На столе, как-то сами собой появляются
старинная квадратная бутылка, рюмки, закуска.
- Ну,
что, брательник, всё записываешь
дедовы истории? Мы все твои рассказы читали, даже газеты эти сохранили.
-
Я теперь с собой диктофон вожу, вот.
-
О, какая фиговина! И записывает
сама?
-
Записывает. Может ты, Толь, чего расскажешь, про реку, про
рыбалку, про охоту.
-
Про реку я сколь хошь расскажу, у
меня вся жизнь с ней связана, я же капитан. Только жалко мне нашу Ветлугу до
слез, река-то красивая! А что с ней сделали, это ужас! Четвертый год не можем
проехать. Раньше: газоход сидел; баржа груженая;
пароходы многопалубные ходили. В ярах была вода! А рыбы сколько было! А теперь
– кошмар! У парохода-то плицы должны быть в воде. Я помню, что у
газохода-колесника ширина плиц была 70 сантиметров, 4 метра длина, да в воде
сидели на метр, ведь они ниже днища доставали. А водить старались так, чтобы
под плицами еще не меньше метра воды оставалось. Река была водной за счет
укрепления берегов. Размывать берега не давали, устанавливали каркасы – плетни.

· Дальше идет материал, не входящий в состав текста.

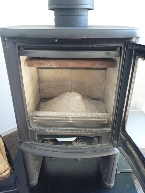 前回の記事で一応のところ、煙突も掃除したのであとは寒くなるのを待つばかりです。シーズンオフの間、灰をきれいに出して掃除しておいたストーブの中に一袋とっておいた去年の灰を戻します。

Как только Чебоксарскую ГЭС поставили, все плетни
убрали. На старых лоцманских картах теперь только эти плетни увидишь. Они все
там обозначены пунктирами синенькими. И, когда я был у путейцев в Красных
Баках, они показали график, так оказалось, что за последние 4 года земснарядами
Ветлугу спустили метров на пять. Ты представляешь, сколько воды с каждого яра
слетело? А теперь, хоть река в ярах воду и тащит – не проедешь. Раньше такого
не было, раньше за рекой следили. И правильно ты написал в “Ветлуге-реке»,
(читали, и книжка у нас есть), про яры-то, что названия каждому Ветлужскому яру не просто так выдуманы. В каждом названии своя
история. Вот, взять хоть сторублевый яр.
Ты знаешь, почему он так называется?
- Нет.
- И
я не знаю, - улыбается дед, - будь любезен, расскажи.
- Эх,
дед! Буду любезен, слушайте! Давным давно, мужики в одной
деревне украли гуся. Бригадой они где-то работали и гуся стянули. Хозяин подал
в суд на всю бригаду. И они за одного гуся по суду заплатили сто рублей! На
сто-то рублей в то время не одно стадо гусиное можно было купить. Вот, как они
прогорели! А яр потом и назвали сторублевый.
Катин
яр есть. Был сенокос пониже города Ветлуги, где луга-то красивые. Там очень
красиво, и покосы богатые. Дичи много, страсть! И она не боится! Гусей мы с
Валей видели, так они не боятся совсем. Их там не меньше сотни летает, дичь
непуганая. Так вот, там девчонку изнасиловали, она с этого яра и утопилась. В
память о ней, яр назвали Катин.
Комаровский яр. Так комары там зажирают,
ужас! Шерстневский яр есть, дак там шершни. А в чертовом
вообще все время чертовщина какая-то происходит. Он вообще ненормальный яр. Там
прижимное течение, в середине яра корабль вообще неуправляемый становиться. Ты
представь: идет с баржой гружоный пароход, и
неуправляемый! Представляешь?! Его же откидывает неизвестно куда! Глядишь, ты
здесь, а через семь секунд у тебя нос, не сворачивая с курса, уже к берегу
прижат.
Мошкинский яр есть, мошка там одолевает. А есть яр Орешки. Нет! Нету там никакого орешника, осины одни. Там просто очень
зайцев много. А у зайца дерьмо, как у козы орешками.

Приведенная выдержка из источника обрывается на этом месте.